More strongly, the homogeneous ideal of the twisted cubic C is generated by these three homogeneous polynomials of degree 2.

==Properties==
The twisted cubic has the following properties:
- It is the set-theoretic complete intersection of $XZ - Y^2$ and $Z(YW-Z^2)-W(XW-YZ)$, but not a scheme-theoretic or ideal-theoretic complete intersection; meaning to say that the ideal of the variety cannot be generated by only 2 polynomials; a minimum of 3 are needed. (An attempt to use only two polynomials make the resulting ideal not radical, since $(YW-Z^2)^2$ is in it, but $YW-Z^2$ is not).

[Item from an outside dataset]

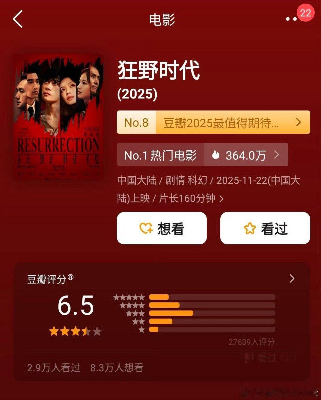 《狂野时代》上映第一天开分了,6.5分,2.8万人评分

- Any four points on C span P^{3}.
- Given six points in P^{3} with no four coplanar, there is a unique twisted cubic passing through them.
- The union of the tangent and secant lines (the secant variety) of a twisted cubic C fill up P^{3} and the lines are pairwise disjoint, except at points of the curve itself. In fact, the union of the tangent and secant lines of any non-planar smooth algebraic curve is three-dimensional. Further, any smooth algebraic variety with the property that every length four subscheme spans P^{3} has the property that the tangent and secant lines are pairwise disjoint, except at points of the variety itself.
- The projection of C onto a plane from a point on a tangent line of C yields a cuspidal cubic.
- The projection from a point on a secant line of C yields a nodal cubic.
- The projection from a point on C yields a conic section.